§ Input records
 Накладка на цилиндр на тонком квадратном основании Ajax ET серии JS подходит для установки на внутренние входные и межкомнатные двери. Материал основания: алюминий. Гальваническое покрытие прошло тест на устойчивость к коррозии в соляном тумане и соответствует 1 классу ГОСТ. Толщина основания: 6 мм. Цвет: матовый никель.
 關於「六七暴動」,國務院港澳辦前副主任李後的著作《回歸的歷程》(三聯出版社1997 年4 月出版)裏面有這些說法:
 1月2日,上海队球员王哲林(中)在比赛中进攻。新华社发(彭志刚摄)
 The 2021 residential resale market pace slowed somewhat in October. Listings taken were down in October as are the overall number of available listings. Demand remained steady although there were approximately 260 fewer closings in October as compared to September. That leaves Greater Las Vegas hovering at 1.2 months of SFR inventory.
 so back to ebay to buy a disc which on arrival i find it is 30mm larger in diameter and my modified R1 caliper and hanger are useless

---

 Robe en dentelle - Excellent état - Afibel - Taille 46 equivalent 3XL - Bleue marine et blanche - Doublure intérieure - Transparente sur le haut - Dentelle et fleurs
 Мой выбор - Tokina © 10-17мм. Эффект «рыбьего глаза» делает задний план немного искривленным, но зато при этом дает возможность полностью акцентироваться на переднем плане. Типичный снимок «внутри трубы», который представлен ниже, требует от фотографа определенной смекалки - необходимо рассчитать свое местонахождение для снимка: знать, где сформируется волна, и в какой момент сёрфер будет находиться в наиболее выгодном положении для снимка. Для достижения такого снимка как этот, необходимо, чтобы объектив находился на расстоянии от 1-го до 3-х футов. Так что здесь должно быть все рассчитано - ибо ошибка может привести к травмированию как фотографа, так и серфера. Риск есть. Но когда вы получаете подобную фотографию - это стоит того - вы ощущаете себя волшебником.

§ What the task asks
From the listing above, the lines starting with the one that has "1月2日,上海队球员王哲林(中)在比赛中进攻。新华社发(彭志刚摄)" and running through the one that has "so back to ebay" should be copied exactly, ends included.

§ Solution below
 1月2日,上海队球员王哲林(中)在比赛中进攻。新华社发(彭志刚摄)
 The 2021 residential resale market pace slowed somewhat in October. Listings taken were down in October as are the overall number of available listings. Demand remained steady although there were approximately 260 fewer closings in October as compared to September. That leaves Greater Las Vegas hovering at 1.2 months of SFR inventory.
 so back to ebay to buy a disc which on arrival i find it is 30mm larger in diameter and my modified R1 caliper and hanger are useless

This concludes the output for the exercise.